Source data section start

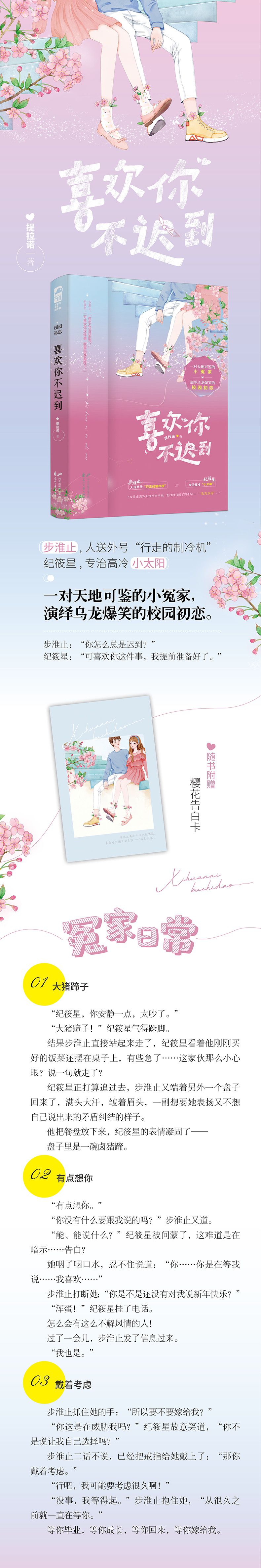 楔子 纪筱星被赶出教室的时候,只有平时的“难兄难弟”顾洋抬起头,给了她一个“壮士走好”的眼神,于是她咬咬牙,背着书包走出了校门。 高三了,任何会让班主任梁文静头疼的“恶行”都会被狠狠扼杀。比如纪筱星这样上课倒腾录音机、还发出了奇怪的声音的学生,当然立刻就被当作顽劣分子赶走了。 录音机不是纪筱星的,她只是帮忙修一下而已,没想到总算让录音机发出了“吱吱”的响声,梁文静就站在她身后,气得要没收。 毕竟今天是星期一,想到班主任可能有“星期一综合征”,这班主任梁文静还是一个长相凶悍的年轻女孩,要是赶上“特殊时期”比较敏感,那不就更加惨了? 纪筱星本来想要服软,但是转念一想,谁没有“星期一综合征”呢? 而且最关键的是,录音机当然不能被没收,纪筱星跟老师顶了两句嘴,英勇无比地收拾书包走人。 纪筱星漫无目的地在街头走着,这个时候街上的人不多,她从口袋里掏出钱买了一杯奶茶,来到了A大的新校区。 这里有回老校区的公交车,快捷直达。 毕竟是起点站,上了车之后,纪筱星找了一个靠窗的位置坐下。 来往两个校区的公交车一般都会尽量等到人满了才离开,纪筱星喝着奶茶,看着窗外的风景,从包里拿出了手机看了一眼,这部破旧的小手机上,只有老爸的一条信息: “小星啊,赶紧回来,我有话跟你说。” 果然,梁文静怎么会放过这样一个告状的机会? 纪筱星叹了口气,靠着椅子打算睡一觉。 老校区在郊外,路上至少得花一两个小时。 不知不觉中,车子缓缓开动了。 纪筱星迷迷糊糊之中感觉得到,车上的学生越来越多,她坐的座位刚好是侧着的一个横排,有人站在自己面前,而且离自己还很近。 车子晃悠着,纪筱星睡得更加深沉,结果车忽然刹住,她的手一抖,奶茶从手里掉落。 “哗啦啦”一声,身边不知道是谁倒吸了一口凉气。 纪筱星一下子惊醒过来,看到了面前一张难看得如同吃了只苍蝇般的脸。 可是这样的表情并不影响这张脸的主人出众的外貌,五官宛如雕刻般完美,星目剑眉,目光深邃,低垂的眸子带着一丝微微的震怒和寒意。本来男生就生得清冷,让人难以接近,但是眼角的泪痣平添了一种柔情,看着矛盾又相得益彰。 不过眼下不是她欣赏对方这盛世美颜的时刻,因为她手里的奶茶没喝完,全部泼到了他的脚上,白色的球鞋全部没能幸免沾染上了奶茶,几颗“珍珠”还顽皮地卡在了鞋带和鞋子的缝隙之中。 完了,纪筱星条件反射般要站起来,没想到车子又重新开了,她身子趔趄向前一冲,头顶直接撞上了男生的脸,耳边他痛苦的“啊”声清晰可闻。 这一撞,纪筱星又重新坐下了。 那个自顾自开着车的司机或许压根儿没有想到,自己不经意在路上遇到的一个小坑,让车子轻轻地颠簸了一下,会让后排站在纪筱星面前的这个男生,因为被撞到了鼻子而吃痛,手便下意识地松开了扶手,捂着自己的鼻子。 男生怎么也不会想到,因为自己没有扶着栏杆,在这个颠簸过程中,他会身体向前倾,然后直接向着纪筱星就扑过去了。 于是在两个人,一个抬头一个往下扑的瞬间…… 男生的嘴唇轻轻地印在了纪筱星的额头上。 如同许下誓言一般,留下了这样的印记。 围观群众脸色各异,尤其是男生身边的女生,脸色差得已经不是吃了一只苍蝇,而是像在吃一群苍蝇。 本来以为自己今天已经够倒霉的纪筱星,忽然在这一瞬间觉得,自己虽然是被亲的那一个,但是谁更倒霉,好像还真的说不上来。 然后纪筱星知道了男生的名字。 男生身边的女生惊恐地大叫着:“淮止!你!赶快移开你的头!” 纪筱星真是很委屈,因为女生口中的“你”肯定是指的她,可是她的头不好移开,男生的嘴倒是很好移开啊! 不过纪筱星终于意识到了一件更为重要的事情…… 啊,原来他就是那个传说中的步淮止啊。 第一章 完美的倒霉蛋 纪筱星不是A大的学生,她只是一名普通的高三在读少女。因为老爸在A大开了个维修小铺,就在学校旁边租了个屋子,纪筱星平时也都是来A大的食堂解决三餐,对这里是了如指掌。 她会知道步淮止这个风靡全校的优质校草,完全是因为他已经声名在外,大学里几乎无人不知无人不晓——学生会会长,家境优渥,在学校里极受欢迎。 平时来店里的小姐姐们都会兴奋又花痴地议论几句。 所以纪筱星虽然没见过步淮止,但是也对这个名字早有耳闻。 当然,在发生了如此尴尬的“会面”之后,步淮止已经被之前尖叫的女生扶到了车子后方。 车上依旧拥挤,隔着那么多人也不知道步淮止怎么样了,周围的人都在看着纪筱星议论纷纷。纪筱星拿出耳机戴上,用自己那部残破不堪的手机放着音乐,打算继续睡下去。 不就是因为撞着才亲了一下额头吗?都什么年代了,挤地铁还有脸贴脸的呢。 纪筱星什么大世面没见过,比如顾洋就整天在学校里逗小学妹,不是勾肩搭背就是拉拉小手。之前学校艺术节结束,班上几个同学出去吃饭庆祝,玩起国王游戏那叫一个大胆。 只是被人亲了额头,“肇事者”和“受害者”都没事,反倒是看热闹的似乎大为不满。纪筱星懒得搭理,无心理会,眼睛一闭,往椅背上一靠。 高三以来她就没有睡过一个好觉。 车子到站,纪筱星是被司机给推醒的。 她迷迷糊糊地睁眼,发现车子已经空了。 纪筱星赶紧用手抹抹嘴边的口水,急忙下了车,往老爸的店跑过去。 可是走到门口,她又有些却步。 应该怎么跟老爸开口呢? 还没有想好,纪淳从店里走出来,正
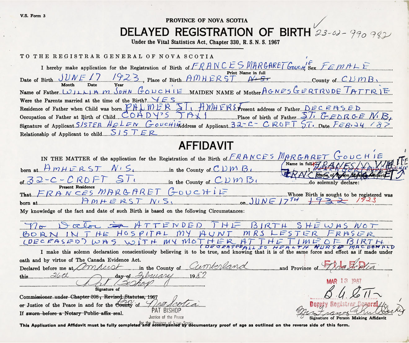 Signature of Applicant Sister Helen Gouchie Address of Applicant 32c Croft Street, Amherst, Cumberland Co., NS Date 24 February 1987
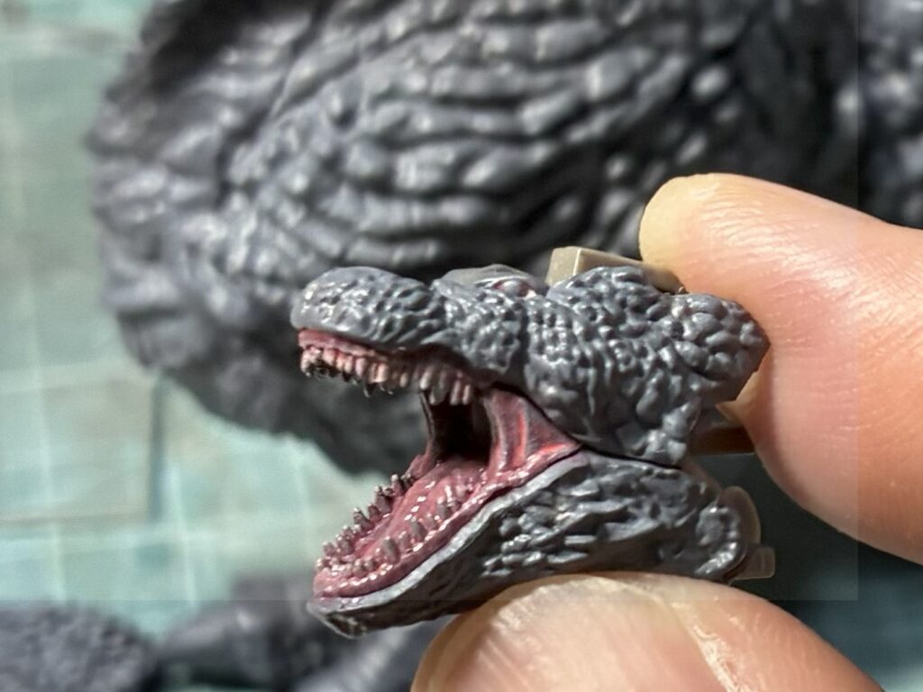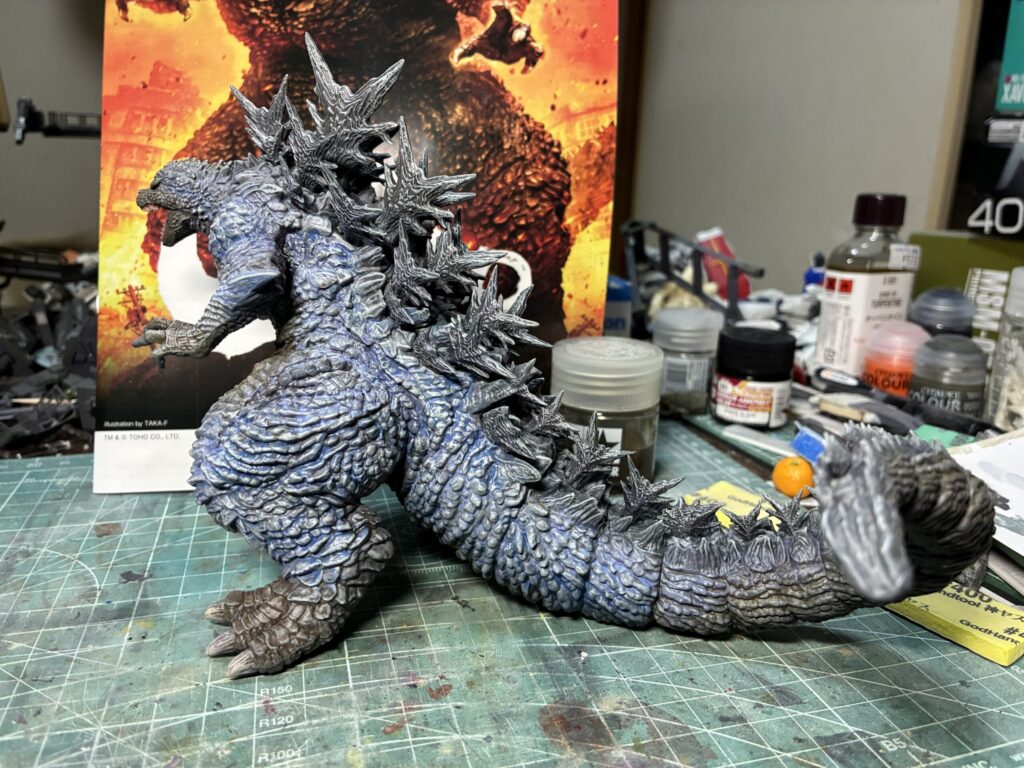 荒々しい破壊神!という感じにしたいなとか、孤高のモンスターって感じもいいなとか、いろんな想像を巡らせていて、気が付いたら半分青系、半分赤系に塗ってました!写真もほぼ撮ってないしwwwそんなわけで写真のように見る方向で違う表情のあるゴジラになりました!!

Source data section end

Task details | Keep the pictures out, and write out the rest of the data above word for word.

Result for this exercise |
 楔子 纪筱星被赶出教室的时候,只有平时的“难兄难弟”顾洋抬起头,给了她一个“壮士走好”的眼神,于是她咬咬牙,背着书包走出了校门。 高三了,任何会让班主任梁文静头疼的“恶行”都会被狠狠扼杀。比如纪筱星这样上课倒腾录音机、还发出了奇怪的声音的学生,当然立刻就被当作顽劣分子赶走了。 录音机不是纪筱星的,她只是帮忙修一下而已,没想到总算让录音机发出了“吱吱”的响声,梁文静就站在她身后,气得要没收。 毕竟今天是星期一,想到班主任可能有“星期一综合征”,这班主任梁文静还是一个长相凶悍的年轻女孩,要是赶上“特殊时期”比较敏感,那不就更加惨了? 纪筱星本来想要服软,但是转念一想,谁没有“星期一综合征”呢? 而且最关键的是,录音机当然不能被没收,纪筱星跟老师顶了两句嘴,英勇无比地收拾书包走人。 纪筱星漫无目的地在街头走着,这个时候街上的人不多,她从口袋里掏出钱买了一杯奶茶,来到了A大的新校区。 这里有回老校区的公交车,快捷直达。 毕竟是起点站,上了车之后,纪筱星找了一个靠窗的位置坐下。 来往两个校区的公交车一般都会尽量等到人满了才离开,纪筱星喝着奶茶,看着窗外的风景,从包里拿出了手机看了一眼,这部破旧的小手机上,只有老爸的一条信息: “小星啊,赶紧回来,我有话跟你说。” 果然,梁文静怎么会放过这样一个告状的机会? 纪筱星叹了口气,靠着椅子打算睡一觉。 老校区在郊外,路上至少得花一两个小时。 不知不觉中,车子缓缓开动了。 纪筱星迷迷糊糊之中感觉得到,车上的学生越来越多,她坐的座位刚好是侧着的一个横排,有人站在自己面前,而且离自己还很近。 车子晃悠着,纪筱星睡得更加深沉,结果车忽然刹住,她的手一抖,奶茶从手里掉落。 “哗啦啦”一声,身边不知道是谁倒吸了一口凉气。 纪筱星一下子惊醒过来,看到了面前一张难看得如同吃了只苍蝇般的脸。 可是这样的表情并不影响这张脸的主人出众的外貌,五官宛如雕刻般完美,星目剑眉,目光深邃,低垂的眸子带着一丝微微的震怒和寒意。本来男生就生得清冷,让人难以接近,但是眼角的泪痣平添了一种柔情,看着矛盾又相得益彰。 不过眼下不是她欣赏对方这盛世美颜的时刻,因为她手里的奶茶没喝完,全部泼到了他的脚上,白色的球鞋全部没能幸免沾染上了奶茶,几颗“珍珠”还顽皮地卡在了鞋带和鞋子的缝隙之中。 完了,纪筱星条件反射般要站起来,没想到车子又重新开了,她身子趔趄向前一冲,头顶直接撞上了男生的脸,耳边他痛苦的“啊”声清晰可闻。 这一撞,纪筱星又重新坐下了。 那个自顾自开着车的司机或许压根儿没有想到,自己不经意在路上遇到的一个小坑,让车子轻轻地颠簸了一下,会让后排站在纪筱星面前的这个男生,因为被撞到了鼻子而吃痛,手便下意识地松开了扶手,捂着自己的鼻子。 男生怎么也不会想到,因为自己没有扶着栏杆,在这个颠簸过程中,他会身体向前倾,然后直接向着纪筱星就扑过去了。 于是在两个人,一个抬头一个往下扑的瞬间…… 男生的嘴唇轻轻地印在了纪筱星的额头上。 如同许下誓言一般,留下了这样的印记。 围观群众脸色各异,尤其是男生身边的女生,脸色差得已经不是吃了一只苍蝇,而是像在吃一群苍蝇。 本来以为自己今天已经够倒霉的纪筱星,忽然在这一瞬间觉得,自己虽然是被亲的那一个,但是谁更倒霉,好像还真的说不上来。 然后纪筱星知道了男生的名字。 男生身边的女生惊恐地大叫着:“淮止!你!赶快移开你的头!” 纪筱星真是很委屈,因为女生口中的“你”肯定是指的她,可是她的头不好移开,男生的嘴倒是很好移开啊! 不过纪筱星终于意识到了一件更为重要的事情…… 啊,原来他就是那个传说中的步淮止啊。 第一章 完美的倒霉蛋 纪筱星不是A大的学生,她只是一名普通的高三在读少女。因为老爸在A大开了个维修小铺,就在学校旁边租了个屋子,纪筱星平时也都是来A大的食堂解决三餐,对这里是了如指掌。 她会知道步淮止这个风靡全校的优质校草,完全是因为他已经声名在外,大学里几乎无人不知无人不晓——学生会会长,家境优渥,在学校里极受欢迎。 平时来店里的小姐姐们都会兴奋又花痴地议论几句。 所以纪筱星虽然没见过步淮止,但是也对这个名字早有耳闻。 当然,在发生了如此尴尬的“会面”之后,步淮止已经被之前尖叫的女生扶到了车子后方。 车上依旧拥挤,隔着那么多人也不知道步淮止怎么样了,周围的人都在看着纪筱星议论纷纷。纪筱星拿出耳机戴上,用自己那部残破不堪的手机放着音乐,打算继续睡下去。 不就是因为撞着才亲了一下额头吗?都什么年代了,挤地铁还有脸贴脸的呢。 纪筱星什么大世面没见过,比如顾洋就整天在学校里逗小学妹,不是勾肩搭背就是拉拉小手。之前学校艺术节结束,班上几个同学出去吃饭庆祝,玩起国王游戏那叫一个大胆。 只是被人亲了额头,“肇事者”和“受害者”都没事,反倒是看热闹的似乎大为不满。纪筱星懒得搭理,无心理会,眼睛一闭,往椅背上一靠。 高三以来她就没有睡过一个好觉。 车子到站,纪筱星是被司机给推醒的。 她迷迷糊糊地睁眼,发现车子已经空了。 纪筱星赶紧用手抹抹嘴边的口水,急忙下了车,往老爸的店跑过去。 可是走到门口,她又有些却步。 应该怎么跟老爸开口呢? 还没有想好,纪淳从店里走出来,正
 Signature of Applicant Sister Helen Gouchie Address of Applicant 32c Croft Street, Amherst, Cumberland Co., NS Date 24 February 1987
 荒々しい破壊神!という感じにしたいなとか、孤高のモンスターって感じもいいなとか、いろんな想像を巡らせていて、気が付いたら半分青系、半分赤系に塗ってました!写真もほぼ撮ってないしwwwそんなわけで写真のように見る方向で違う表情のあるゴジラになりました!!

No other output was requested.